# crickets escaping exo terra?



## judy (Feb 12, 2009)

as above, i have a 30 30 45 exo terra for my crestie. never had a problem with escapes before, but somehow there getting out keep finding the bloody things everywhere! i closed the vents at the top of the exo terra(the ones for the wires) but there still getting out! HELP. how do i stop this? i find about 5 crix a day i my house.


----------



## sparky the skink (Mar 1, 2009)

u have to be careful when opening the cage 
if you have the polostyrene backround they will all hide behind it


----------



## sparky the skink (Mar 1, 2009)

also you shouldnt put too many in with him as the crickets can nibble thier tails.


----------



## cornsnakejay (Jan 17, 2009)

the sliding bit that covers the cable holes isn't that great, they will still get out through there. you need to tape the holes up or better still, fill them with silicone or something similiar. you will probably still get a few escape somehow though.
it's something we all just have to accept by keeping these types of creatures.


----------



## judy (Feb 12, 2009)

im fine with um, its the other half! he stood on a big one the other day with no shoes and socks on and freaked!! and the cat likes to chase um!


----------



## spend_day (Apr 10, 2008)

cornsnakejay said:


> the sliding bit that covers the cable holes isn't that great, they will still get out through there. you need to tape the holes up or better still, fill them with silicone or something similiar. you will probably still get a few escape somehow though.
> it's something we all just have to accept by keeping these types of creatures.

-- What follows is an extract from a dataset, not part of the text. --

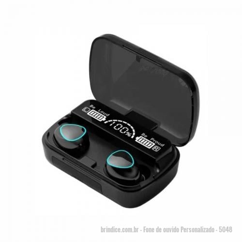 Fone de ouvido Personalizado - 5048 - Fone de ouvido bluetooth com comandos touch e case carregador. Com display de bateria e fechamento magnético, o case pode ser utilizado também como um power bank de baixa capacidade para emergências . Material plástico. Acompanham 2 pares de eartips - 149851 - Portal de Brindes Personalizados | Guia Bríndice 38 Anos - Fone de ouvido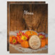 Customise the charming Rustic Pumpkins Fall Barn Wedding Menu with the details of the meal that you will serve at your casual yet classy September, October or November autumn bridal shower luncheon, marriage reception dinner or post wedding brunch by adding the salad or first course, entree or second course and dessert or third course. This country chic custom rustic autumnal nuptial menu features a digitally enhanced floral photograph of little orange pumpkins, red and yellow daisy flower blossoms, white bridal veil, natural wood slice with the word LOVE burned on it and a vintage lace trimmed linen handkerchief with a burlap and brown weathered barn wood background.

I just use screwed up kitchen roll to bung up the holes its less permentent


----------



## pipster (Nov 22, 2008)

i used aqua sealent for the holes which you can purchase of the web or at any tropical fish/exotic pet shop only a few quid. or puchase another cat, and also one of the above posts raises a very good point that they can bite your rep and if persistant could cause the rep problems in the future. also they can be noisey little sods aswell as i had an escapie and the chirping kept me awake at night


----------



## judy (Feb 12, 2009)

thanks for the ideas. 
like the surgestion about getting another cat! think i will go with that one!


----------



## nickyh (Jul 24, 2007)

cornsnakejay said:


> the sliding bit that covers the cable holes isn't that great, they will still get out through there. you need to tape the holes up or better still, fill them with silicone or something similiar. you will probably still get a few escape somehow though.
> it's something we all just have to accept by keeping these types of creatures.


This is definately it!! I was in exactly the same position last year and kept finding crickets everywhere. I obviously had nothing better to do with my time one day but i sat and watched a cricket which was running around inside along the roof of the tank. Before i knew it it had disappeared up the back where the sliding bits for the cables are and appeared again on the top of the cage, on the outside!!
SELOTAPE :flrt: Works wonders -I must have used half a roll to tape up over those slidy things but i have never had a cricket out since.

Hope that helps.


----------